Now, I guard my contact details as enthusiastically as someone in a witness protection programme.
I avoid filling out forms unless they're legally required.
Tax returns and school enrolment forms are pretty much the only documents I've had contact with recently.
I'm averse to the mountains of correspondence that inevitably accompany the release of your postal or email address.
I may have sponsored a World Vision child for the last fifteen or so years but I really don't need quarterly updates on every well that's been built within stone-throwing distance of the village.
I may have purchased a painting from your gallery but your missives are unlikely to reverse my policy of not acquiring a second piece from the same artist and/or gallery.
What you see as canny business sense I view as a failure to understand my need for eclecticism when it comes to procuring art - a need which, incidentally, would have driven me to your gallery in the first instance in order to seek out something fresh.
And, no, I do not do Fly Buys - as the lovely New World checkout ladies relentlessly establish every time I visit.
At the opposition supermarket the answer is similarly no: I don't have a Onecard either. And I really wish that the onus for remembering they had signed up for such a device was laid upon the people who had actually opted in.

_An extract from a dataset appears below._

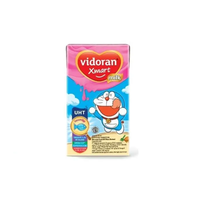 Vidoran Xmart UHT merupakan susu Ready-to-drink yang diformulasikan untuk memenuhi kebutuhan nutrisi sehari-hari. Susu ini dibuat menggunakan susu sapi segar dan diproses menggunakan teknologi UHT atau Ultra High Temperature, yakni memanaskan susu segar yang baru diperas pada suhu 135 hingga 150 derajat Celsius dengan kurun waktu sekitar 2-3 detik. Proses pemanasan ini bertujuan untuk membunuh mikroorganisme berbahaya dan juga menjaga nutrisi yang ada di dalam susu. Lalu, Vidoran Xmart menjadi satu-satu susu yang terbuat dari susu berkualitas dari peternakan sapi di New Zealand dengan kandungan formula imunUp yang diperkaya dengan Cod Liver Oil (Minyak Hati Ikan Kod), Vitamin C, Vitamin B2, Vitamin B6, Vitamin B12, Vitamin D, Vitamin E, Kalsium, dan Fosfor. Kemudian, susu ini memiliki beragam kebaikan untuk Si Kecil agar selalu aktif, mudah bersosialisasi, tumbuh secara optimal, memiliki ide hebat, selalu ingin tahu, memiliki daya tahan kuat, memiliki nafsu makan yang baik, serta memiliki inisiatif yang tinggi. Menariknya, Susu Vidoran Xmart memiliki varian rasa Coklat yang memadukan segarnya susu sapi berkualitas dan nikmatnya cokelat guna menciptakan rasa yang unik dan tentunya lezat. Oleh karena itu, yuk jadikan tumbuh kembang Si Kecil lebih optimal dengan minum Susu Vidoran Xmart UHT Coklat. Kini dengan Formula ImunUp yang tinggi Vitamin C, D3, E, & Zinc,Omega 3 & 6, dan berbagai vitamin & mineral lainnya yang dapat dikonsumsi setiap hari untuk membantu jaga daya tahan tubuh si kecil dengan memenuhi kebutuhan gizi hariannyaNo reviews found

Why should innocent members of the public be needlessly hassled each time they shop?
I shop two or three times a year at Country Road and every time I am admonished for not having a Country Road card.
There was a moment last week when I thought that possibly I wasn't going to be allowed to purchase two tops, one cardigan and a pair of jeans for my daughter - such was the disbelief of the sales assistant upon learning of my anarchist tendencies.
I was asked for my name when purchasing a thirty dollar Smiggle voucher last month. I was like: "This is a thirty dollar Smiggle voucher not the code for a nuclear missile. I am so not telling you who I am."
While being invited to supply your details used to be a novelty, something we did willingly because it seemed personal and lent the illusion of connectivity, now that it's become a chore, almost an expectation, more and more of us are likely to refuse the opportunity.
I feel relief now when a shop isn't trying to get my name and contact details - whether overtly or by enticing me to enter a draw for a car or holiday.
I can't be the only person who's become tired of this intrusion.
I predict that switched on marketers will realise that, while this approach of frantically accumulating personal details was once was fresh and relevant, it's increasingly being interpreted as cynical and superficial.
It's time for savvy consumers to stop being complicit in this unashamed attempt to build databases and track our purchasing habits.